In this current study, whole exome sequencing data from 298 healthy Emirati individuals were analyzed to investigate the key pharmacogenes, variants, haplotypes, and diplotypes known to affect the pharmacokinetics of clopidogrel, which could influence its efficacy. The analysis revealed a high frequency of the 11 actionable variants in several pharamcogenes, including cytochrome P-450 (CYP2C19), ATP-binding cassette subfamily B member 1 (ABCB1), Paraoxonase-1 (PON1), and the purinergic receptor (P2Y12R). These variants are known to impact clopidogrel metabolism and response.
Further, in this thesis, I describe the first prospective randomized controlled trial (RCT) conducted in the UAE to evaluate the impact of pharmacogenomic testing for five actionable CYP2C19 variants in 169 anti-platelet users with acute coronary syndrome. The results demonstrated a 10% improvement in clopidogrel efficacy, reducing the clinical risk of subsequent cardiovascular complications. Nevertheless, incorporating pharmacogenomic testing did not significantly mitigate the adverse outcomes of anti-platelet therapy (bleeding outcomes) (P-value >0.05). One explanation for this is that ticagrelor, the safer anti-platelet for patients with impaired CYP2C19metabolism, is known to be associated with a higher risk of bleeding compared to clopidogrel.
Additionally, a retrospective cohort study was conducted in this research to examine the association of three ABCB1 variants—rs1045642 (C3435T), rs2032582 (G2677T), and rs1128503 (C123T)—with major adverse cardiovascular events (MACE) in 174 ACS patients. Despite the high prevalence of the mutant alleles in the multiethnic UAE population (48.85%, 50%, and 51.03%, respectively), these variants did not significantly affect the risk of thrombotic complications in patients with a history of myocardial infarction (P>0.05).
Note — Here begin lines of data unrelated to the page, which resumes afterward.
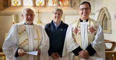 VISITING: Andrea Board at St Mary’s Church in Fordingbridge with Revds John Towler,left, and Tom Burden
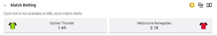 Tip: Sydney Thunder $1.69
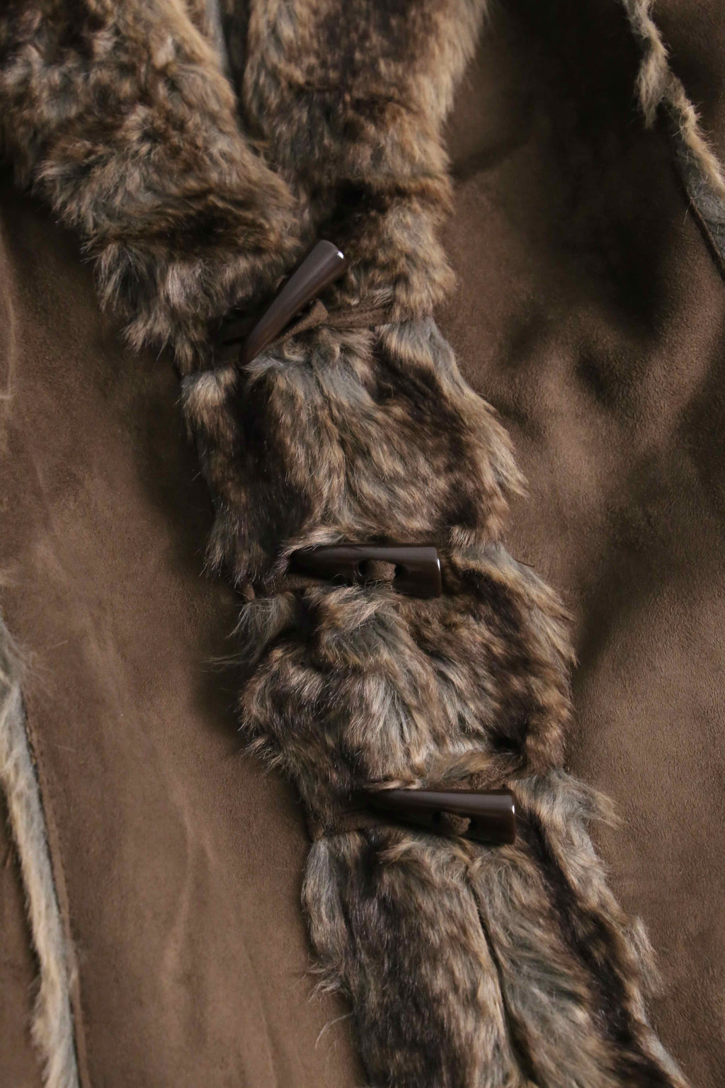 フェイクファーとフェイクムートン生地のデザインムートンジャケット。フライトジャケットノリではなく、ざっくり開いた胸元とトグルボタンによってY2Kにも通ずるテンション感です。
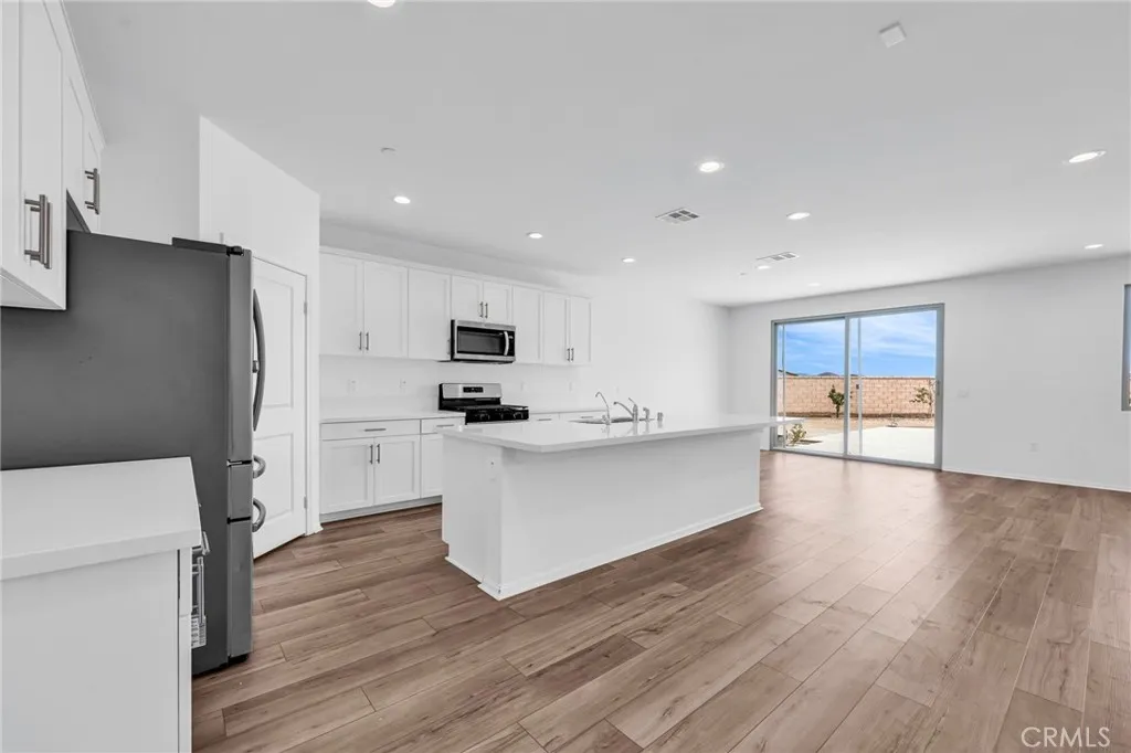 Welcome to the Visionary—the largest plan in Pathway's Cimarron Ridge community. This stylish 5-bed, 3-bath(2824 sqft) home with a spacious loft and a flexible room that works as an office, playroom, or potential 6th bedroom. A full bedroom and bath downstairs are perfect for guests or multigenerational living. Energy- smart paid-off solar and a home water softener included. The open-concept kitchen features an oversized island, white cabinets, quartz countertops, and stainless steel appliances (included), flowing into the great room. Picture windows frame rolling mountain views from the loft, the primary bed and bath. No rear neighbor for added privacy. Set on one of the neighborhoods largest lots(13,673 sqft), the backyard is entertainer-ready with room to add a pool. Additionally the backyard has drip-irrigated mini-orchard: oranges, lemons, pomegranates, pears, nectarines, peaches, plums (red & loquat/Chinese), figs (brown & green), guava, apple, avocado, grapes, persimmon, almond, walnut—plus strawberries, blueberries, cranberries, mulberries (white/red/black)—and premium rose bushes for year-round color. Plus a coup Community will soon have a new 10-acre sports park, Little League/softball field, three soccer fields, picnic pavilion, pocket parks, turf & play areas, shade trees, and a multi-purpose trail/walking path network. Minutes to Canyon Lake, Countryside Marketplace, and Town Center Marketplace. Close to 15/215 fwy.
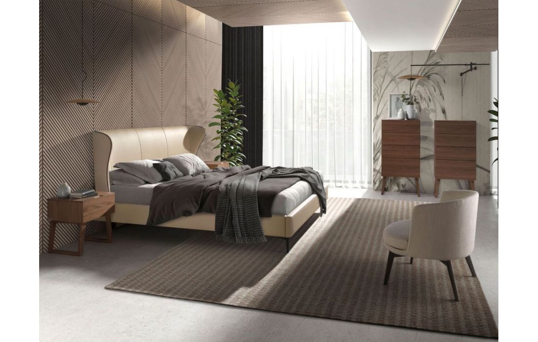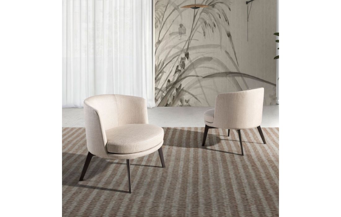 Cadeirão de design moderno com assento e encosto estofados em tecido com as suas pernas em aço inoxidávelDestinatário :
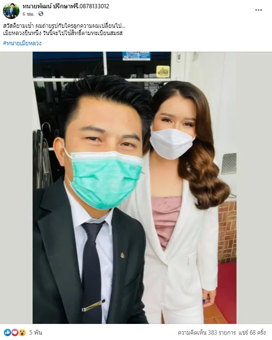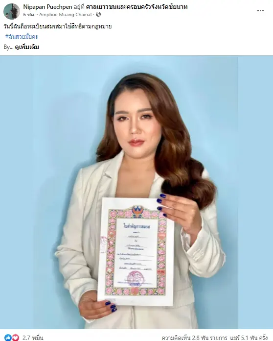 ล่าสุดเธอได้ออกมาเคลื่อนไหวอีกครั้งหลังจากที่จบคอร์สอัพหน้า อัพตัวตามคอนเซป โมทั้งตัวให้ผัวเสียดาย โดยโพสต์ภาพตัวเองคู่กับทะเบียนสมรส พร้อมกับระบุข้อความว่า “วันนี้ฉันถือทะเบียนสมรสมาใช้สิทธิตามกฎหมาย” และได้รับความสนใจจากชาวเน็ตมากมาย
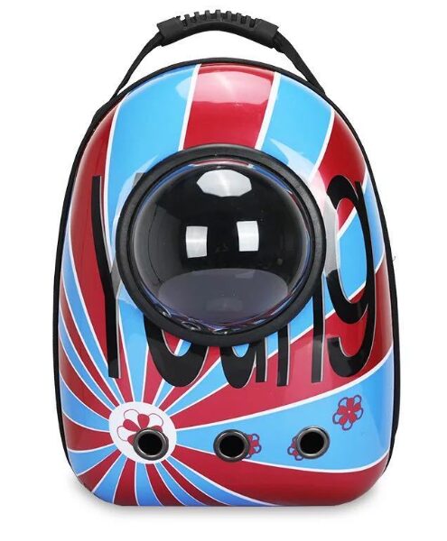This backpack is available in various colors and patterns. It features five-sided ventilation, including the bottom, to ensure good airflow. The comfortable handle and side mesh panels enhance the user experience, while the soft bottom padding adds extra comfort for your pet.
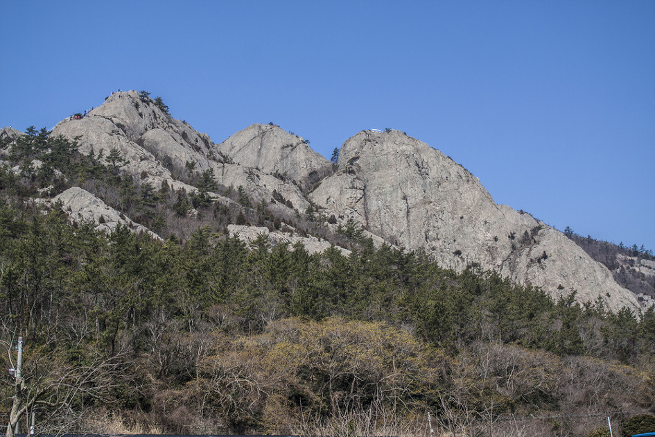 ▼ 버스에서 내리자 마자 펼쳐진 동석산 풍경인데 이렇게 한눈에 들어 올 줄은 몰랐다. 물론 북쪽으로 이어지는 능선이 이곳에서 보일리 만무지만 처음부터 암릉의 압도적인 모습에 마음이 설레인다.
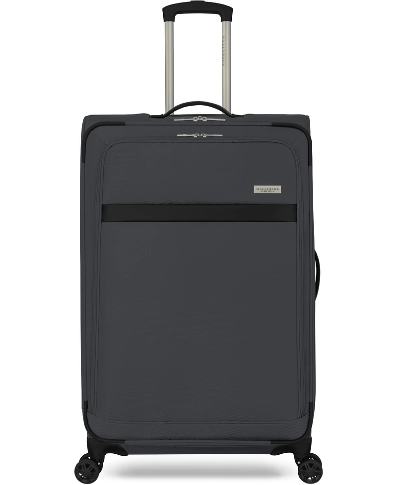 The WallyBags Stratford expandable spinner is great for those who know it's never just business or pleasure. This lightweight, yet durable case maneuvers easily in all directions with its recessed 8-wheel spinner system. The aluminum trolley handle adjusts to your height, and the 2"" expansion provides extra packing capacity. The interior has four zippered pockets, a removable toiletry kit and 2 elastic pockets. With plenty of space for all your packing needs and an adjustable packing divider that secures clothing in place, this spinner is sure to provide a premium packing experience. The exterior features a large front gusseted pocket and a zippered accessory pocket for any additional or last-minute items. This 29"" expandable spinner is check-in friendly and built to withstand frequent travel. Whether traveling by car or by plane, for business or pleasure, this 29"" expandable spinner is great for today's traveler and is the perfect combination of function and fashion. Travel easy knowing you are covered.
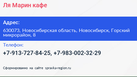 Ля Марин, кафе по адресу 630073, Новосибирская область, Новосибирск, Горский микрорайон, 8 в дальнейшем Организация, размещена в следующих категориях:
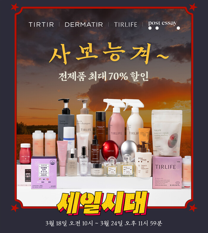 한편 티르패밀리 3월 정기세일 일정과 할인 품목, 이벤트 등에 관한 자세한 내용은 티르패밀리 브랜드 통합몰과 티르티르, 더마티르, 티르라이프, 포스트에세이 각 브랜드의 인스타그램 계정을 통해 확인할 수 있다.
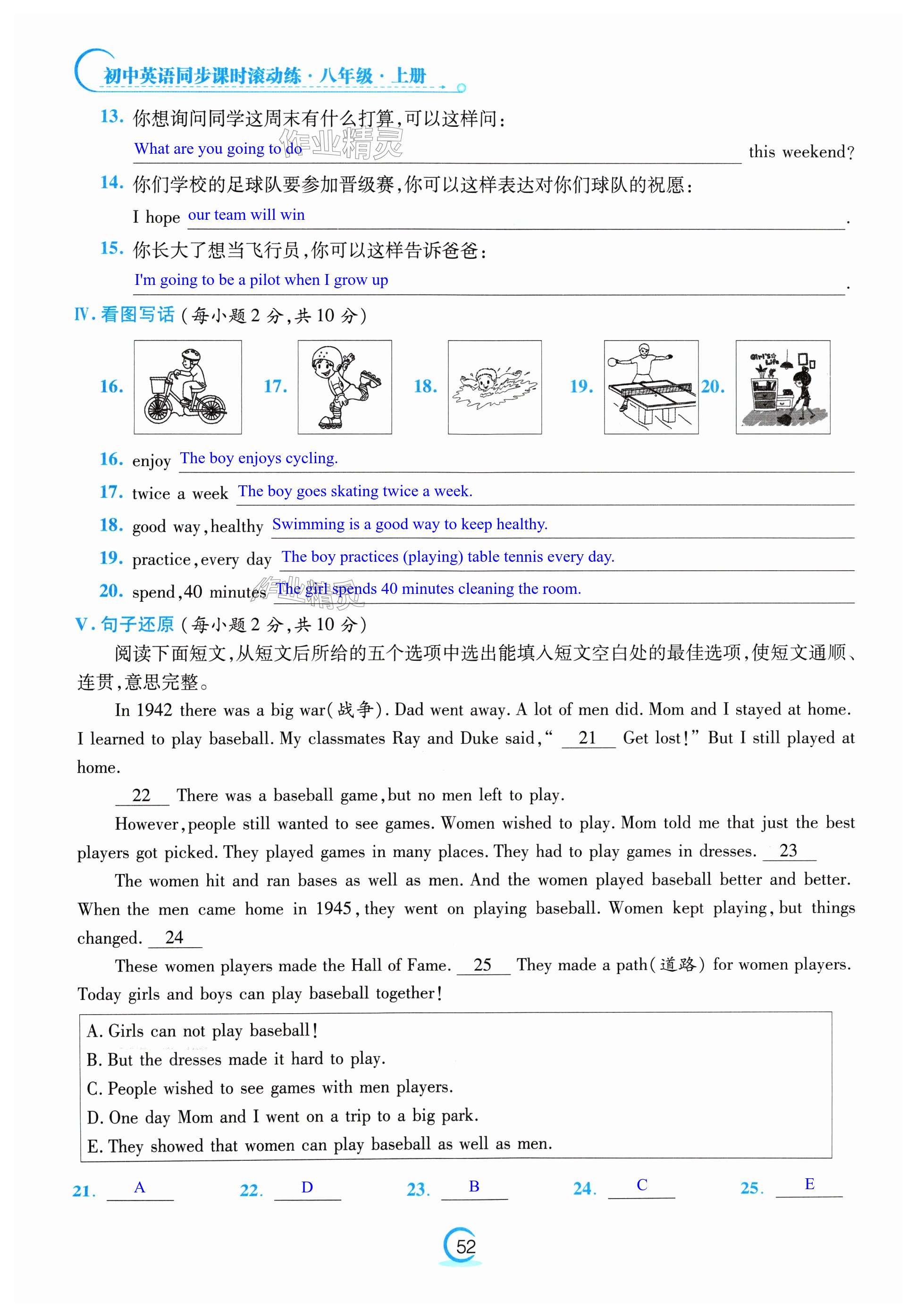 注:目前有些书本章节名称可能整理的还不是很完善,但都是按照顺序排列的,请同学们按照顺序仔细查找。练习册 2024年激情英语初中同步课时滚动练八年级上册仁爱版 答案主要是用来给同学们做完题方便对答案用的,请勿直接抄袭。
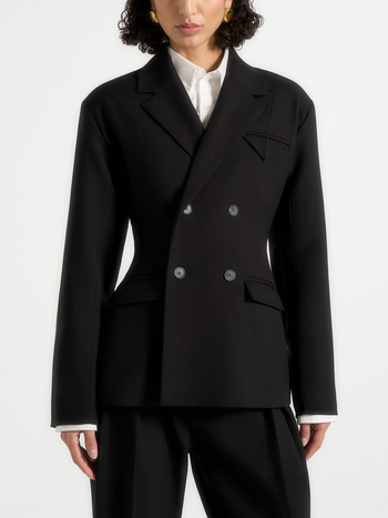 Crafted from tailored fabric for a classic look, this blazer combines structured tailoring with refined detailing. The double-breasted silhouette and sharp lapel create a timeless shape, while a cinched waist and darted body define and sculpt the fit. Marble feature buttons elevate the design with subtle contrast, complemented by functional front and angular welt pockets for a precise, tailored finish. Completed with smooth satin lining, this piece offers all-day comfort beneath its sculpted structure.
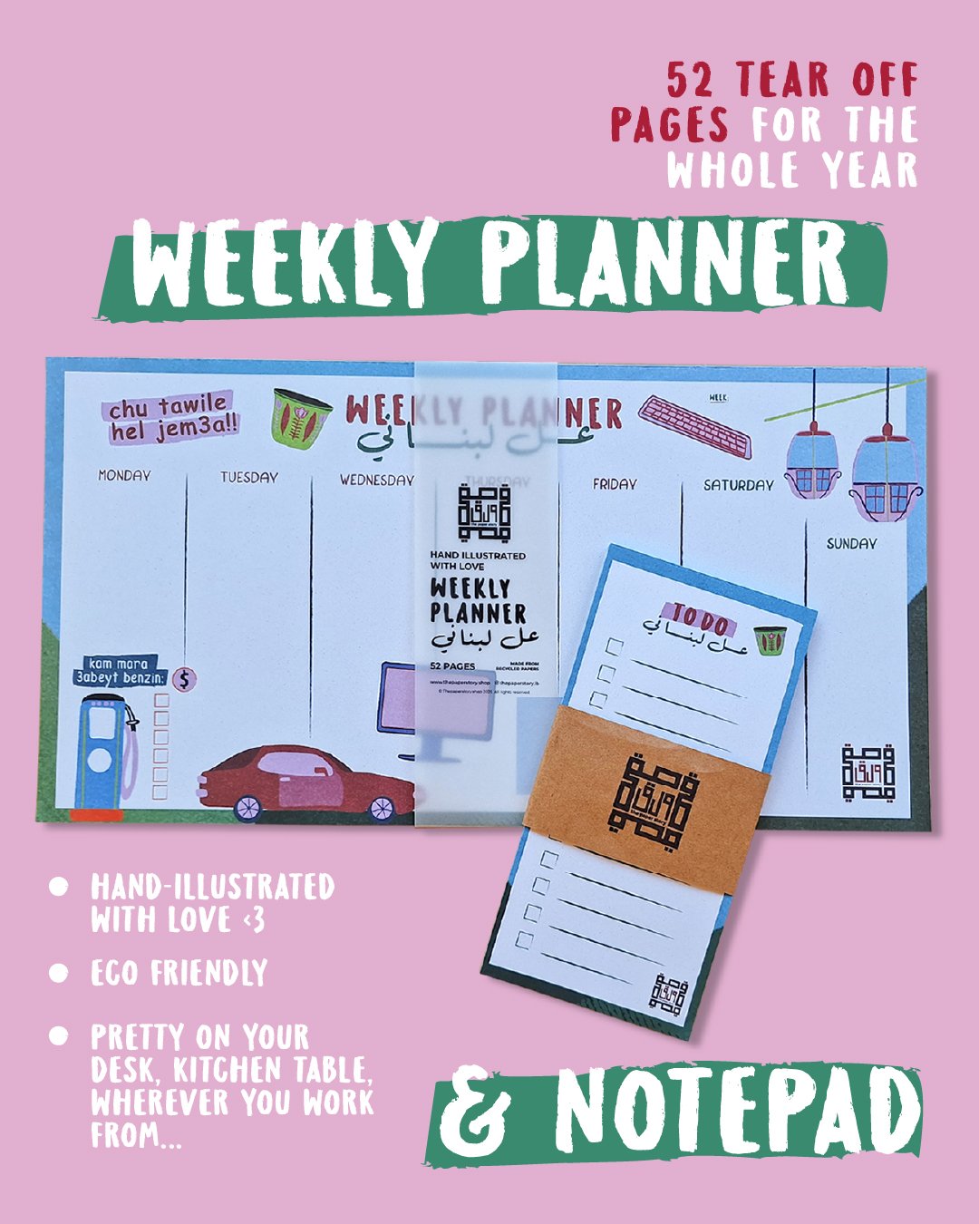Plan it all, 3al Lebnéné! The Planning 3al Lebnéné Bundle brings together the Weekly Planner 3al Lebnéné and the To Do Notepad 3al Lebnéné for the ultimate mix of humor and productivity. Keep your week organized and your tasks in check, all with a local twist that adds fun to every note and reminder.
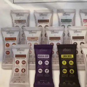I love these protein powder packs while traveling. They are so convenient and allow me to bring a variety of flavors. They mix up great with water in a blender bottle.
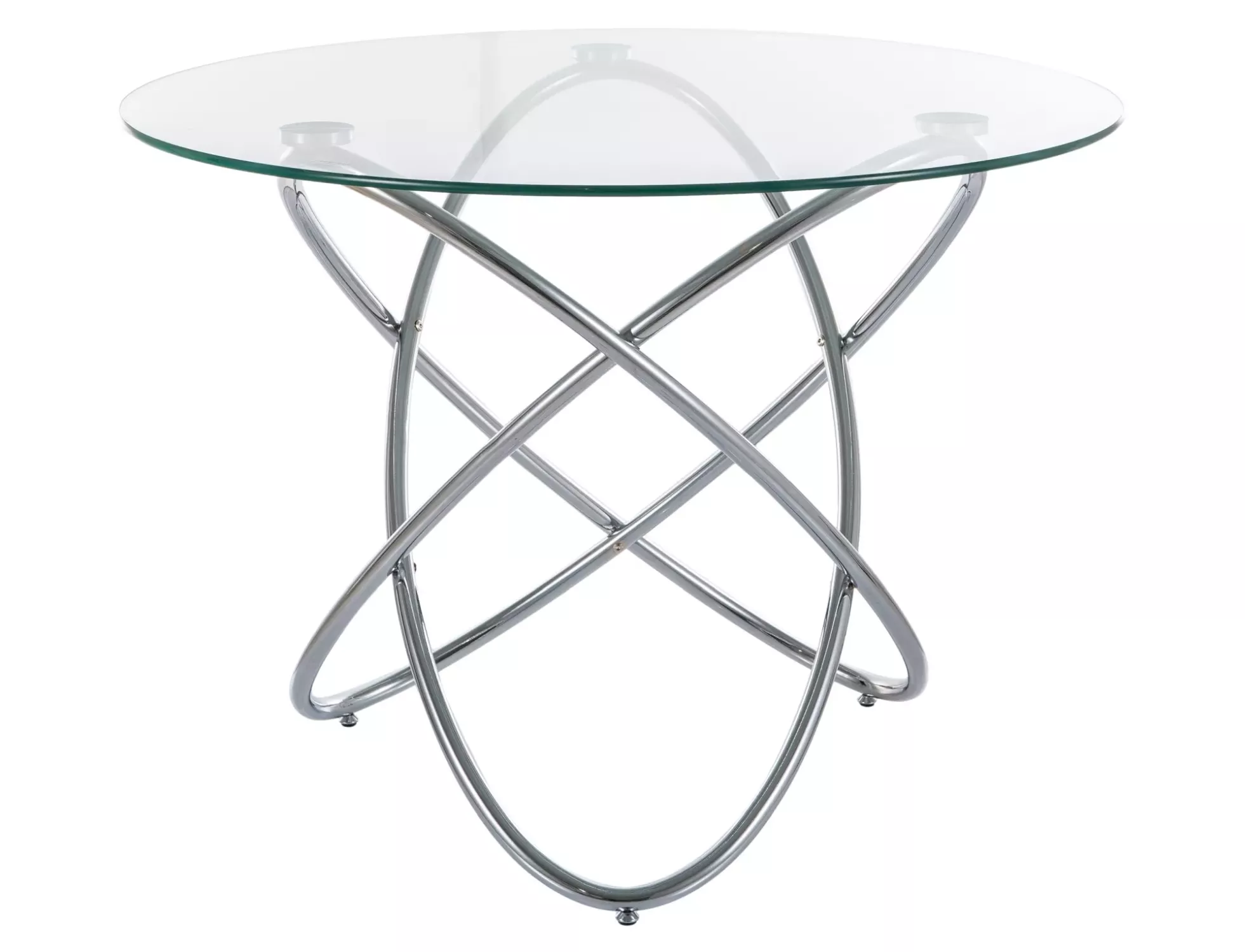 Designový skleněný stůl ORLAN zaujme svým originálním vzhledem. Stabilní ocelová podnož se skládá z tenkých nohou, které se protínají v geometrickém vzoru, což stolu dodává lehkost a nadčasovou eleganci.

This research highlights the critical pharmacogenes impacting clopidogrel efficacy, UAE-specific genetic variants, unexplored adverse events and complications, and the potential for broader pharmacogenomic implementation in the UAE healthcare system. These findings open the door for future research opportunities and contribute valuable insights to the local and global scientific communities.